*** Material provided ***

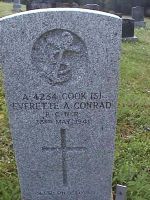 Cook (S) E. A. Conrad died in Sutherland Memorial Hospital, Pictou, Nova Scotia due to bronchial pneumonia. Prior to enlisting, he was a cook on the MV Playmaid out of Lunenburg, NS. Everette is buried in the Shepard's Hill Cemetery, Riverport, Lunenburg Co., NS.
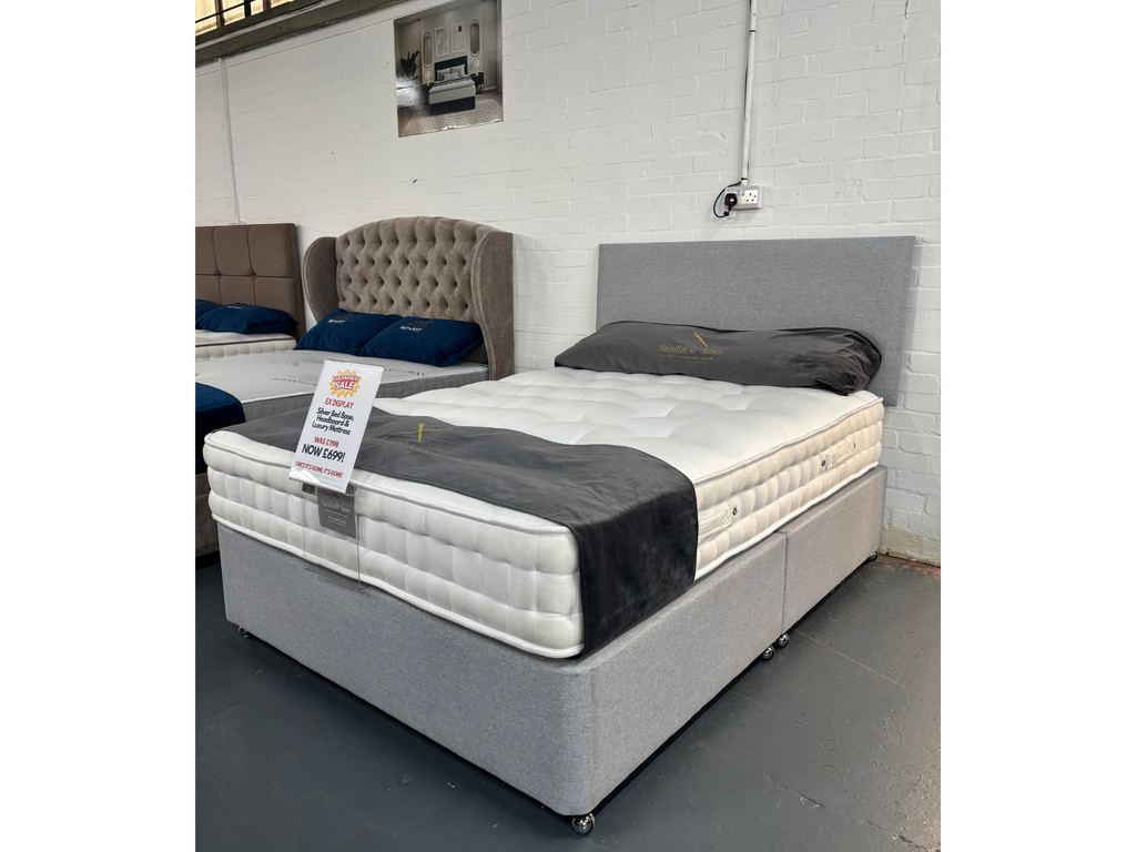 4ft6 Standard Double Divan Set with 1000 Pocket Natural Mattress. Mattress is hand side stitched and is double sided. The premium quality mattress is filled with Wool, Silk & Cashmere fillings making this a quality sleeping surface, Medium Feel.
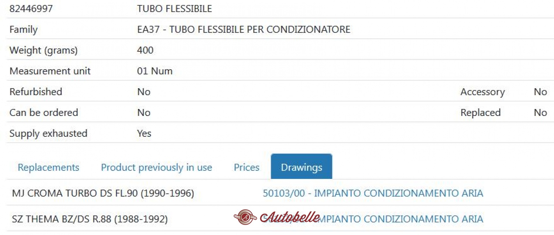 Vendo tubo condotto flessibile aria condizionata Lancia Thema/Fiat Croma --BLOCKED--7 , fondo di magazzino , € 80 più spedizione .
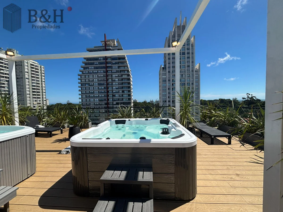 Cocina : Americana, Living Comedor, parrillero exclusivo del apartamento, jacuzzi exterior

*** End of Material provided ***

* Your objective *
From the line holding "Vendo tubo condotto" through the last line of the material above, each line should be written out exactly, both included; omit the pictures.

* Answer section *
 Vendo tubo condotto flessibile aria condizionata Lancia Thema/Fiat Croma --BLOCKED--7 , fondo di magazzino , € 80 più spedizione .
 Cocina : Americana, Living Comedor, parrillero exclusivo del apartamento, jacuzzi exterior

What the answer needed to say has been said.